Molecular Underpinnings and Environmental Drivers of Spontaneous Loss of Heterozygosity in Drosophila Intestinal Stem Cells

The genome stability of adult stem cells is of particular importance as these cells maintain long-term self-renewal capacity and can contribute extensively to adult tissues. During development and aging, genome mutation leading to loss of heterozygosity (LOH) can uncover recessive phenotypes and be propagated within tissue compartments. This phenomenon occurs in normal human tissues, and is prevalent in pathological genetic conditions and cancers. While previous studies in yeast have defined distinct DNA repair mechanisms that can promote LOH, the predominant pathways underlying LOH in complex somatic tissues of multicellular organisms arenot well understood. In addition, how environmental triggers such as pathogenic bacterial infection may impact LOH is unclear. Here, we investigate the mechanisms giving rise to LOH in adult intestinal stem cells in Drosophila. Our data indicate that infection with the enteric pathogenic bacteria, Erwinia carotovora carotovora 15 but not Pseudomonas entomophila increases LOH frequency.
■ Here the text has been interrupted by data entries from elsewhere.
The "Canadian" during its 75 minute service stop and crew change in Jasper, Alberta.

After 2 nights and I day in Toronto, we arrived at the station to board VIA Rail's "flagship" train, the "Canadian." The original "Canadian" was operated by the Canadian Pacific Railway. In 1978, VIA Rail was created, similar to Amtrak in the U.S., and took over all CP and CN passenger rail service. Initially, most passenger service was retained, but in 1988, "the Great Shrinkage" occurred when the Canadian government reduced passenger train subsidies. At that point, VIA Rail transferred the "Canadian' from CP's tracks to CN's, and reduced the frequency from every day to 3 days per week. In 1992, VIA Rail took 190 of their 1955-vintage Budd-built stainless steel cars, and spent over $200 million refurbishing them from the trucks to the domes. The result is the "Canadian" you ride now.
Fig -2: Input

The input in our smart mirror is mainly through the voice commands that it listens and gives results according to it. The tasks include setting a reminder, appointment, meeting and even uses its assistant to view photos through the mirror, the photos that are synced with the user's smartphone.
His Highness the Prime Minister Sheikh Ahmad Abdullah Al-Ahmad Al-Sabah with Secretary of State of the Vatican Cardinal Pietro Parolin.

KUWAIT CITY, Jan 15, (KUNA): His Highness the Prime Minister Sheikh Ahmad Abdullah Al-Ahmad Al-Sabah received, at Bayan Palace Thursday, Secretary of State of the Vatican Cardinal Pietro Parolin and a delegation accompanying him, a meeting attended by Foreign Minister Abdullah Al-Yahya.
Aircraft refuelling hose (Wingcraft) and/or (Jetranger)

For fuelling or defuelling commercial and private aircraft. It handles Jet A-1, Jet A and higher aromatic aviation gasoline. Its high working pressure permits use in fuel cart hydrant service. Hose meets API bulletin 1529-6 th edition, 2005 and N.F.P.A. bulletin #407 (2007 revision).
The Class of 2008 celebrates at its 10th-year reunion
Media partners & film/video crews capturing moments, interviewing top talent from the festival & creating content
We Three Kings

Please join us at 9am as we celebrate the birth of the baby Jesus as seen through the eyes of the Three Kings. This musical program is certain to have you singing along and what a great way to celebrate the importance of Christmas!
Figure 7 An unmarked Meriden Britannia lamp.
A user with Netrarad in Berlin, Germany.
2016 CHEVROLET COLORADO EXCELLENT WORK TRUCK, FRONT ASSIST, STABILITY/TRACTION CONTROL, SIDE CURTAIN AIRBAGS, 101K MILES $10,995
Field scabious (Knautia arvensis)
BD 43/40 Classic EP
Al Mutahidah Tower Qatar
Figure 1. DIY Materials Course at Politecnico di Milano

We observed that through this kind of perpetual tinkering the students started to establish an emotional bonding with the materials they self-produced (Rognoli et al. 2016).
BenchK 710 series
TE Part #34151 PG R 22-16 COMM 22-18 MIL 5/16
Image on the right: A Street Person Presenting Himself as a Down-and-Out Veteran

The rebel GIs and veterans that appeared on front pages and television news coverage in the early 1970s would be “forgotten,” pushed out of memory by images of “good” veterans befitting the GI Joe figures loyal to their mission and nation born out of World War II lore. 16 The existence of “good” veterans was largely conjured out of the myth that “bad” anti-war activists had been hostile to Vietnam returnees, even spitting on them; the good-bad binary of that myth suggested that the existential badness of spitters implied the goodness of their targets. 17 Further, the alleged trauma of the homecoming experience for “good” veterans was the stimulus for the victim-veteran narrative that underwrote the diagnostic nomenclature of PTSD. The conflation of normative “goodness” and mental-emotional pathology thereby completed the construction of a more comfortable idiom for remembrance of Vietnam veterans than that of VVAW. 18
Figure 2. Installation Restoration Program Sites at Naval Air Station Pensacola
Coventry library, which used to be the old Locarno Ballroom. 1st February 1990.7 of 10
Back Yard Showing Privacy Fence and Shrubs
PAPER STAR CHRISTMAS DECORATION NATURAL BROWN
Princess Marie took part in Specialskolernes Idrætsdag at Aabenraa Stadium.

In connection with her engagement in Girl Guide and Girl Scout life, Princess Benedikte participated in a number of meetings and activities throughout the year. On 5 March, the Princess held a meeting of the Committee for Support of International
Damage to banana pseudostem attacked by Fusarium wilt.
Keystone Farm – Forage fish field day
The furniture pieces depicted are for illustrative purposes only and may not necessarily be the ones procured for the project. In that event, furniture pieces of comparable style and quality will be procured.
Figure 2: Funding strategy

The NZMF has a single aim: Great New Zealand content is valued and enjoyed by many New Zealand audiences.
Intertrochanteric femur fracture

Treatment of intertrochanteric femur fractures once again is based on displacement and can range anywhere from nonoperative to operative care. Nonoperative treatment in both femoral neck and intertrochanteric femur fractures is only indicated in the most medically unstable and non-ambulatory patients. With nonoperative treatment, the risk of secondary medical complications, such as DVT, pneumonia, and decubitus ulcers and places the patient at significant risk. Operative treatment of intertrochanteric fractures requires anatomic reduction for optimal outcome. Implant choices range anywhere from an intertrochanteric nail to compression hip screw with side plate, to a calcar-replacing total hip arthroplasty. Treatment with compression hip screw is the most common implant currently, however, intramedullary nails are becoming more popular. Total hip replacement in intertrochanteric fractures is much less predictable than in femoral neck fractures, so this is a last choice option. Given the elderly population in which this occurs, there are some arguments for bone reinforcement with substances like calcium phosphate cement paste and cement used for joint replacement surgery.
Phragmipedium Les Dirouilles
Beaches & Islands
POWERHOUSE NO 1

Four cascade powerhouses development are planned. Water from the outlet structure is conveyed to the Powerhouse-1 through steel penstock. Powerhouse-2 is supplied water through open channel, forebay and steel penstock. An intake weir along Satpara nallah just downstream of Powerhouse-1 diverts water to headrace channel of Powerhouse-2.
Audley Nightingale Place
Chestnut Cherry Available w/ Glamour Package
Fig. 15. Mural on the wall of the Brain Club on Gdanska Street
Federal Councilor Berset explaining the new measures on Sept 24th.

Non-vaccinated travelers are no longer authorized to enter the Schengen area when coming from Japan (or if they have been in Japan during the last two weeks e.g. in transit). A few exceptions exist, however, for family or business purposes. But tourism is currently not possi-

Using whole-genome sequencing of somatic LOH events, we demonstrate that they arise primarily via mitotic recombination. Molecular features of recombination sites and genetic evidence argue against formation via break-induced replication and instead support cross-over events arising from double Holliday junction-based repair. This study provides a mechanistic understanding of mitotic recombination in stem cells in vivo, an important mediator of LOH.